Fractal geometry I'm not 100% on, there's 2 main ways to do this over large areas. One is using a "Boom" on the back of a large aircraft (looks like a really long antennae out the rear), the aircraft flies very low while the boom guages magnetic fields, this works to about 100yds to each side of the aircraft. Designed in the 60s this is one of the best ways for aircraft to search for subs in the sea, over land it's more hit-or-miss, if it's over desert sands you can tell if there would be a truck buried there, but if they buried it somewhere in a craggy desert where there are more rocks chances of telling the difference between an iron ore or a truck would be very little.

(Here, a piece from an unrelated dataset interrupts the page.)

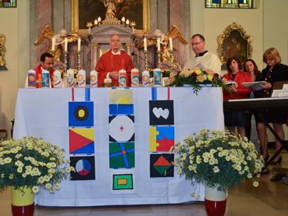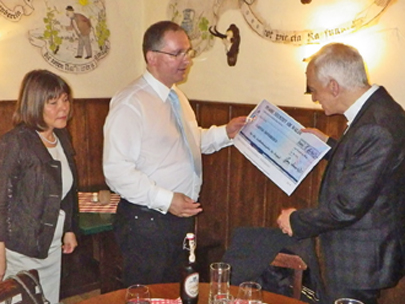 Eine überschaubare Schar von Jugendlichen empfing in einem vom Kirchenchor Leobendorf festlich gestalteten Pfingstgottesdienst am 24. Mai durch Caritaspräsident Michael Landau das Sakrament der Firmung. Beim Vater Unser bildeten die Firmkandidatinnen und Kandidaten, gleichsam dem Motto „Building Bridges” des gestrigen Songcontestes, Brücken zwischen den mitfeiernden Kirchenbesuchern. Anschließend ging es zur Agape in den Pfarrsaal, wo es sich Rudi Beer nicht nehmen ließ Caritaspräsident Landau zu seinem gestrigen Geburtstag zu gratulieren. Die Zelebranten, das Vorbereitungsteam und fleißige Helferinnen und Helfer wurden danach von Familie Wolff zum Mittagessen in deren Buschenschank eingeladen. Herzlichen Dank - es war köstlich! Dort überreichte Oberministrant Thomas Natschläger und die Leiterin der Firmvorbereitung, Silvia Stöckl, einen Scheck in der Höhe von 1640.-€ an den Caritaspräsidenten. Ein ansehnlicher Betrag zugunsten der Erdbebenopfer in Nepal, welcher von der Pfarrgemeinde aufgebracht wurde. Danke fürs Spenden sowie an alle, die die Firmfeier ermöglichten.

Added to this the Aircraft has to fly so low it would be extreamly dangerous to do this over mountains.

The other way you guage the "look" of the desert sands, just like in the dust bowl sand tends to form on the leeway side of buried or exposed objects. This is very hit-or-miss simply because the desert sands are extreamly fluid and change not only daily but hourly. A point of this is the Sphinx, it was almost completely buried by desert sands just 200 years ago, now the sands have moved on.

For a third is radar, but the technology of being able to look through sand is extreamly classified. We simply dont know how well this works, even if we dont have a program on it the government never denied experiments with it. I guess sometimes pretending you have the technology is almost as effective as actually having it as long as it makes "them" think twice.